• **TASK PROMPT**:
Without the pictures, set down everything in the listing exactly.

• **COLLECTED DATA**:
************
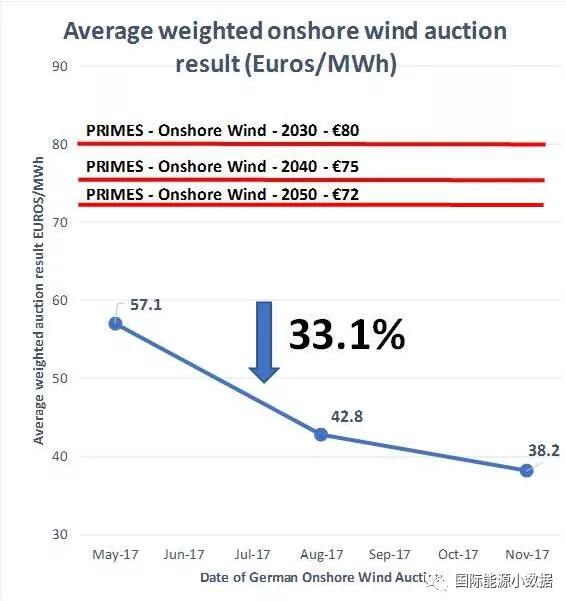 今年5月,德國第一輪陸上風電807兆瓦項目招標的中標企業(yè)平均報價為57.1歐元/兆瓦時;而在8月份第2輪的1吉瓦陸上風電招標中,中標企業(yè)的平均報價為42.8歐元/千瓦時。也就是說,德國陸上風電在過去6個月內成本下降了33%。
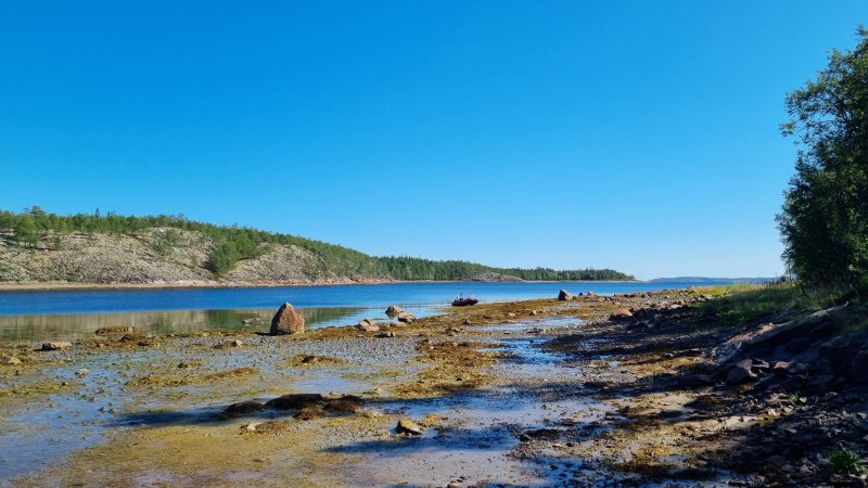 В Лодейной ближе к горлу, до ручья, изба неплохая. А у самой точки — камни и заболочено, в отлив лодку далеко тащить. Планирую корректировать место высадки.
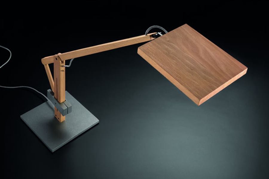 An architect-designed task lamp combines the light look of beech wood with industrial steel
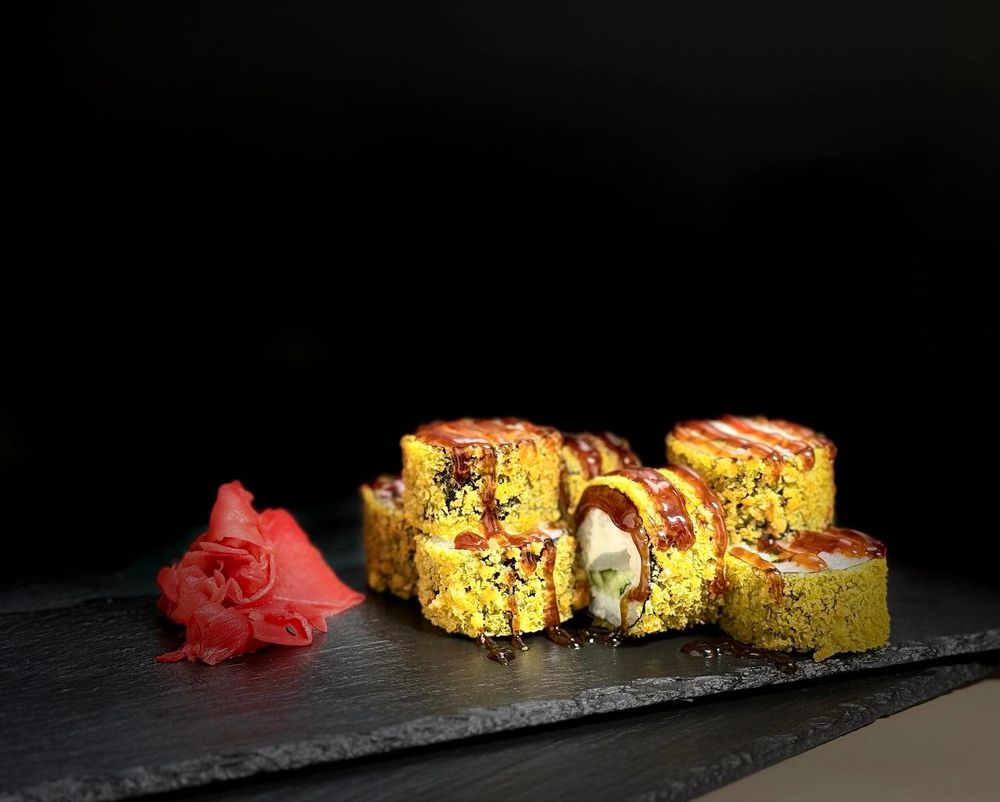 Состав: рис, нори, сыр, окунь, огурец, кляр, панировочные сухари, унаги, 30мл соевого соуса, 30мл имбиря, 5мл васаби
************
• **ANSWER TO THIS PROBLEM**:
 今年5月,德國第一輪陸上風電807兆瓦項目招標的中標企業(yè)平均報價為57.1歐元/兆瓦時;而在8月份第2輪的1吉瓦陸上風電招標中,中標企業(yè)的平均報價為42.8歐元/千瓦時。也就是說,德國陸上風電在過去6個月內成本下降了33%。
 В Лодейной ближе к горлу, до ручья, изба неплохая. А у самой точки — камни и заболочено, в отлив лодку далеко тащить. Планирую корректировать место высадки.
 An architect-designed task lamp combines the light look of beech wood with industrial steel
 Состав: рис, нори, сыр, окунь, огурец, кляр, панировочные сухари, унаги, 30мл соевого соуса, 30мл имбиря, 5мл васаби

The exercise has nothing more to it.